The Summer Experiment that had me shelving all work and any notion of alone time and spending all of my waking time with the kids, save a few grabbed moments here and there (I swear those daily runs kept me sane) is about to come to a screeching halt. My Mother in Law arrives Thursday to pick up my three eldest children and whisk them away to Denver, Colorado for about ten days. We’ll fly out and meet them, spend a week in the Rockies vacating, and then come home.
M and I are giddy with possibility and we’ve broadcast it to anyone who’ll listen: “Francie and the Boys will be in Denver and for ten whole, glorious days we’ll only have Sidney and Fiona!”
That’s right! We’re beside our ourselves with excitement because for ten whole, glorious days we’ll only have a baby who naps sporadically and our Jihadi toddler. Go us!
I suppose it really is a matter of perspective. And by perspective I mean ours. Clearly five children has altered the way we see the world, ourselves, and what it means to be “alone.” M caught himself bragging about our impending “solitude” to his co-workers, some of whom only have two children and are barely holding it together. I proudly announced to some friends that M and I are even going downtown for a night, checking into a hotel and spending some quality time alone… with a nursing nine month old in tow. Because nothing says romance quite like a Pack and Play.

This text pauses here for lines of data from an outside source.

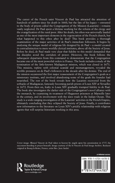 The career of the French saint Vincent de Paul has attracted the attention of hundreds of authors since his death in 1660, but the fate of his legacy - entrusted to the body of priests called the Congregation of the Mission (Lazarists) - remains vastly neglected. De Paul spent a lifetime working for the reform of the clergy and the evangelization of the rural poor. After his death, his ethos was universally lauded as one of the most important elements in the regeneration of the French church, but what happened to this ethos after he died? This book provides a thorough examination of the major activities of de Paul's immediate followers. It begins by analysing the unique model of religious life designed by de Paul - a model created in contradistinction to more worldly clerical institutes, above all the Society of Jesus. Before he died, de Paul made very clear that fidelity to this model demanded that his disciples avoid the corridors of power. However, this book follows the subsequent departures from this command to demonstrate that the Congregation became one of the most powerful orders in France. The book includes a study of the termination of the little-known Madagascar mission, which was closed in 1671. This mission, replete with colonial scandal and mismanagement, revealed the terrible pressures on de Paul's followers in the decade after his demise. The end of the mission occasioned the first major reassessment of the Congregation's goals as a missionary institute, and involved abandoning some of the goals the founder had nourished. The rest of the book reveals how the Lazarists recovered from the setbacks of Madagascar, famously becoming parish priests of Louis XIV at Versailles in 1672. From then on, fealty to Louis XIV gradually trumped fidelity to de Paul. The book also investigates the darker side of the Congregation's novel alliance with the monarch, by examining its treatment of Huguenot prisoners at Marseille later in the century, and its involvement with the slave trade in the Indian Ocean. This study is a wide-ranging investigation of the Lazarists' activities in the French Empire, ultimately concluding that they eclipsed the Society of Jesus. Finally, it contributes new information to the literature on Louis XIV's prickly relationship with religious agents that will surprise historians working in this area.
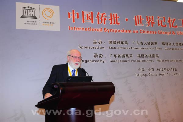 世界记忆工程亚太地区委员会主席埃德蒙森在研讨会致辞
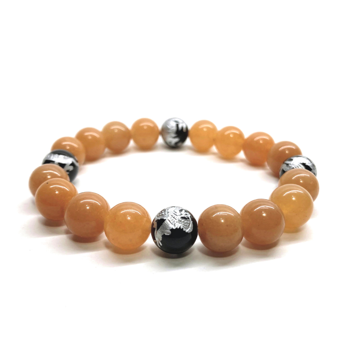 こちらは、四神獣銀彫オニキスとレッドアベンチュリンを組み合わせたパワーストーンブレスレットです。四神獣は、中国の伝説で4つの方向(東西南北)を守護する神聖な神。四神獣、厄災から身を守り、多くの運気を呼び込むと言われております。石大きさは程よくインパクトのある10mm玉で内周 約17cmです。 数に限りがございますので気になる方はお早めにどうぞ。

But when you have to get five children fed, bathed, and into bed on a nightly basis, and cannot manage to do it without threats, promises, the Voldemort voice, and a stiff drink when it’s all said and done, two children seems like a dream. In fact, it seems to me that only having two to look after will be like having a pet, albeit a rather high maintenance one. (I had the same realization after flying with only one child; it’s about as challenging as traveling with a goldfish.)
It’s also worth noting that as much work as a baby is, she can’t answer back or shoot me a look packed with pure malice and annoyance. And while Fiona can do both of those things (she learned quite quickly), it’s cuter coming from a toddler who can quickly be distracted with an pink ice lolly or thirty minutes of a shrill Latina and her boot-clad monkey companion.
I don’t care what anybody says, we’ve got ten days of easy coming our day. You heard it here first.